Another Gallo- Spiegelman link that is significant to our study is a biologist named Arsene Burny. Gallo introduces Burny as a ‘member’ of the Spiegelman ‘group’. For our purposes we need to note that Burny had first worked in Belgium [see article above: “The Belgians and the Portuguese”]. His special field was bovine leukemia virus [BLV], which is what Gallo was working with, but which he disingenuously named HTLV-1.Furthermore, Burny was a co-author with Spiegelman on the visna article noted above.
We could go on with more examples about the Gallo years at NIH, but we have made our point: when one looks behind Gallo’s obfuscating and selective details, one finds solid links to the mycoplasma and the visna virus that we started with.
An Interlude
Peter Dale Scott is an ex-patriot Canadian now living in California. Professor Scott has coined the phrase ‘negative template’ to refer to key details that are omitted in any so-called account of some event. Don’t look exclusively at those things that are revealed, suggests this profound scholar, look instead for the details that are omitted, if you wish to find the full story.
End of an Interlude
‘Negative template’ could be Robert Gallo’s middle name. One example out of many will illustrate what we mean.
In 1970 Gallo co-authored an article with Stringner S. Yang and Robert C. Ting. The title of the article is “RNA Dependent DNA Polymerase of Human Acute Leukemic Cells”. Gallo, in his Virus Hunting alludes to Ting, but makes no mention of Yang. No apparent problem there.
However, there is a problem in the fact that both Yang and Ting worked for Bionetics Research Laboratories and at the time Bionetics was a biological weapons contractor to the United States Government. Nowhere in the index of Gallo’s misinformative book does Bionetics or its principal, Litton Industries, appear. Again, Gallo deals with suggestive material simply by leaving out all possibly compromising references to such.

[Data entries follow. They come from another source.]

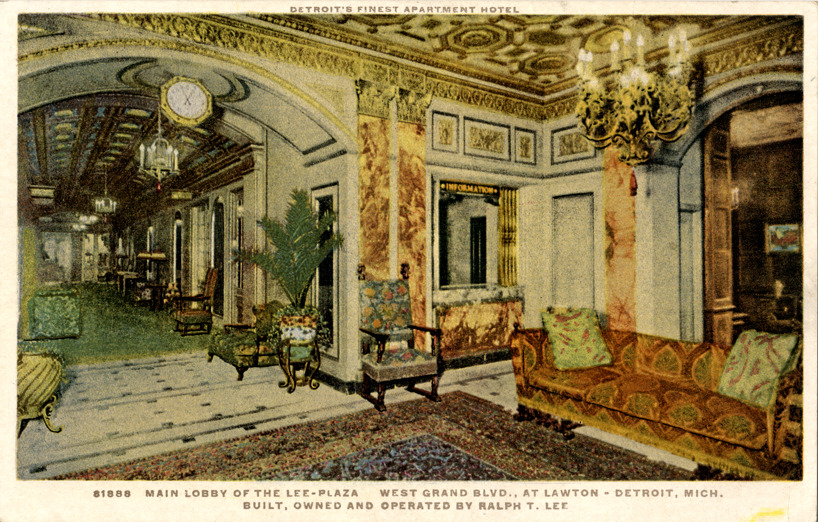 View of the lobby of the Lee-Plaza Hotel. Room is furnished with chairs and sofa; clock and chandeliers are suspended from ceiling. Printed on front: "Detroit's finest apartment hotel. 81888. Main lobby of the Lee-Plaza. West Grand Blvd., at Lawton. Detroit, Mich. Built, owned and operated by Ralph T. Lee." Printed on back: "Phostint, trade mark reg. U.S. Pat. Off., made only by Detroit Publishing Co."
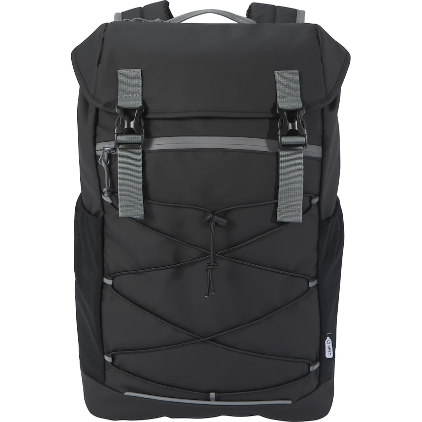 Sac à dos pour ordinateur en tissu imperméable en polyester recyclé. A l'intérieur se trouve un compartiment pour un ordinateur portable de 15,6 pouces. Sur le devant se trouve une poche avec fermeture éclair. Le dos et les bretelles sont bien rembourrés.
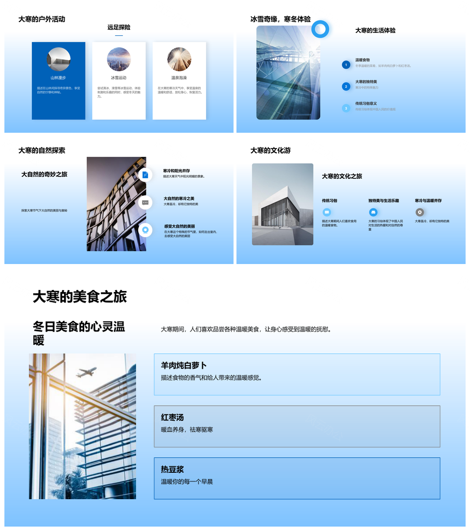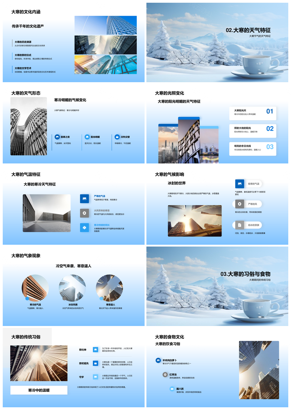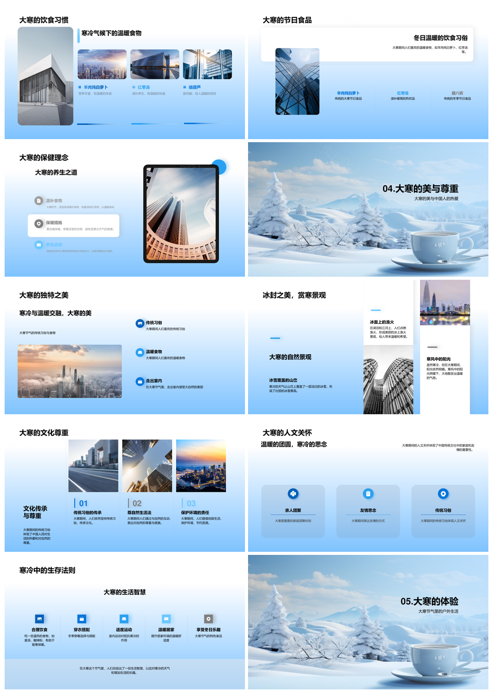 这是一张大寒节气寒暖交织传统习俗雪景暖食文化自然PPT模板,包含大寒节气、寒暖交织、传统习俗、雪景、暖食文化、自然等主题内容,也可用作大寒节气寒暖交织雪景、传统习俗雪景暖食文化、雪景暖食文化自然、大寒节气寒暖交织、大寒节气传统习俗、寒暖交织传统习俗雪景、传统习俗雪景暖食、雪景暖食文化、暖食文化自然、寒暖交织雪景自然、大寒节气、寒暖交织、传统习俗、雪景暖食、暖食文化等PPT场景使用。 风云办公提供的大寒节气寒暖交织传统习俗雪景暖食文化自然PPT模板,下载格式为pptx,一共33页,作品中文字及图均可以修改和编辑,图片更改请在作品中右键图片并更换,文字修改请直接点击文字进行修改。
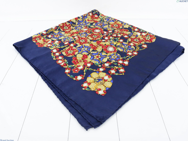 スカーフ ネイビー シルク
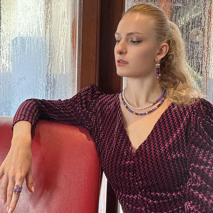 This Amethyst With Orange Garnet Color Blocking Choker by Farra is a sophisticated and stylish statement piece. The striking combination of natural amethyst and natural orange garnet creates a chic color-blocked look that transitions effortlessly from day to night. Amethyst is believed to promote calmness and spiritual growth, while garnet is associated with passion and courage, making this necklace both a beautiful and meaningful accessory.
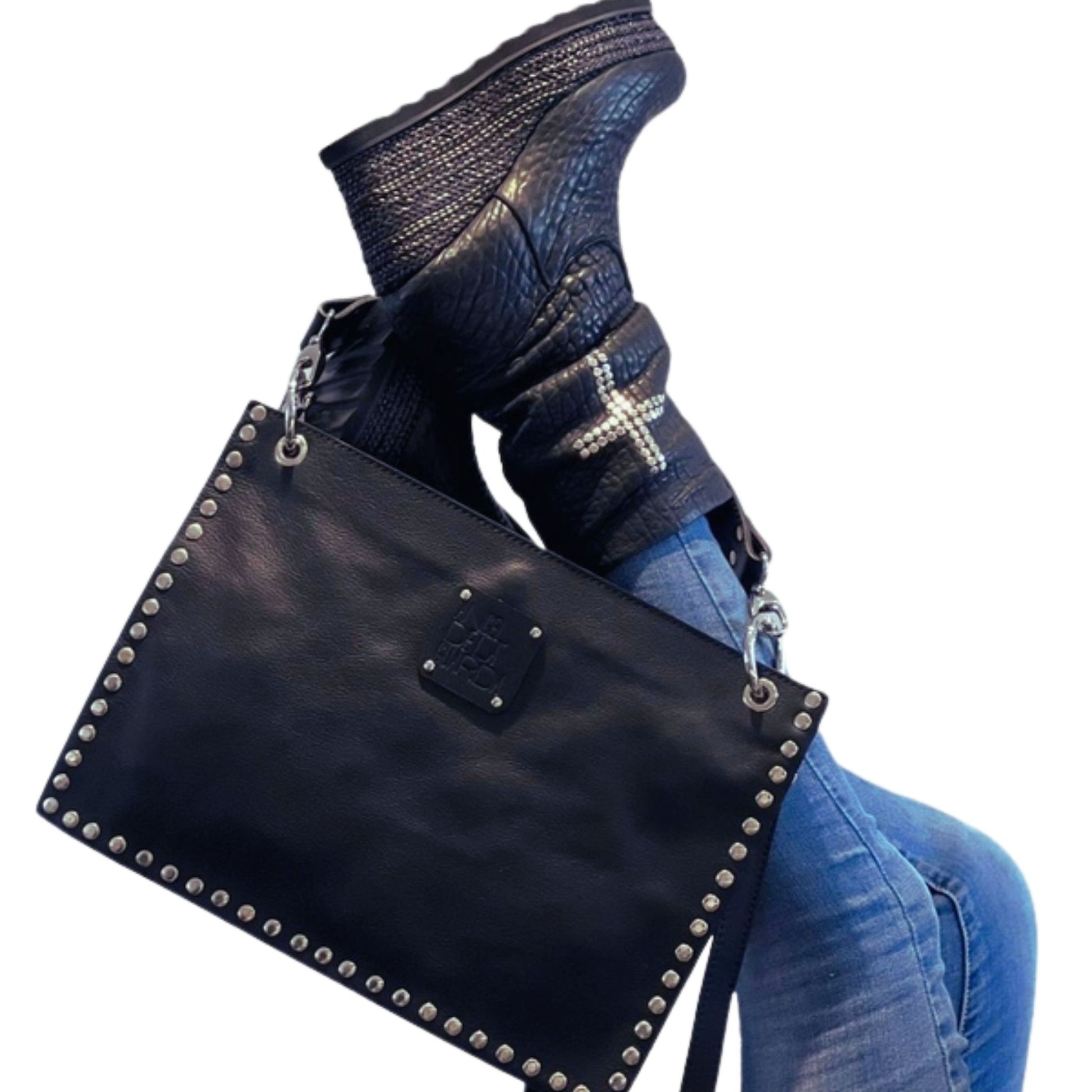 Bota de caña media arrugada. Piel de cordero negro grabado. Adorno en forma de cruz con tachas de color plata.

The fact is this: all the evidence that we have been able to seek out in the countless documents that are our source, makes it clear that Robert Gallo was the man with one foot in the government camp and one foot in the industrial camp, where he was charged with the responsibility for producing a smallpox vaccine for WHO, designed to plant the co-factors of AIDS (the mycoplasma and the visna virus in its BLV variant) in as many people of the Third World as could be enticed to accept the American’ gift’. He was charged with the task of making all the research sound something like a great war on cancer, while he was actually carrying out a secret Rockefeller/ Kissinger war on humanity.
But, when in 1983 Dr. Luc Montagnier of the Pasteur Institute in Paris identified a particle in the blood of AIDS victims which he knew was related to the disease agent which causes lymphadenopathy in humans and which he linked to a retrovirus, he called it Lymphadenopathy Associated Virus [LAV] and so pushed Gallo to claim that he had already isolated the disease agent. Typical.
But, our focus is upon the negative templates that Professor Scott suggests we look for, and in Gallo’s career one can hardly see the forest for templates! We can’t summarize the Gallo/ Bionetics collaboration here for lack of space, but we develop the criminal conspiracy in extensive detail in our forthcoming book The Crime Beyond Belief. In the meantime readers can refer to Leonard Horowitz dramatic book Emerging Viruses: AIDS & Ebola pages 79 to 84 for an excellent summary of much of what Gallo leaves out of his creative writing exercise.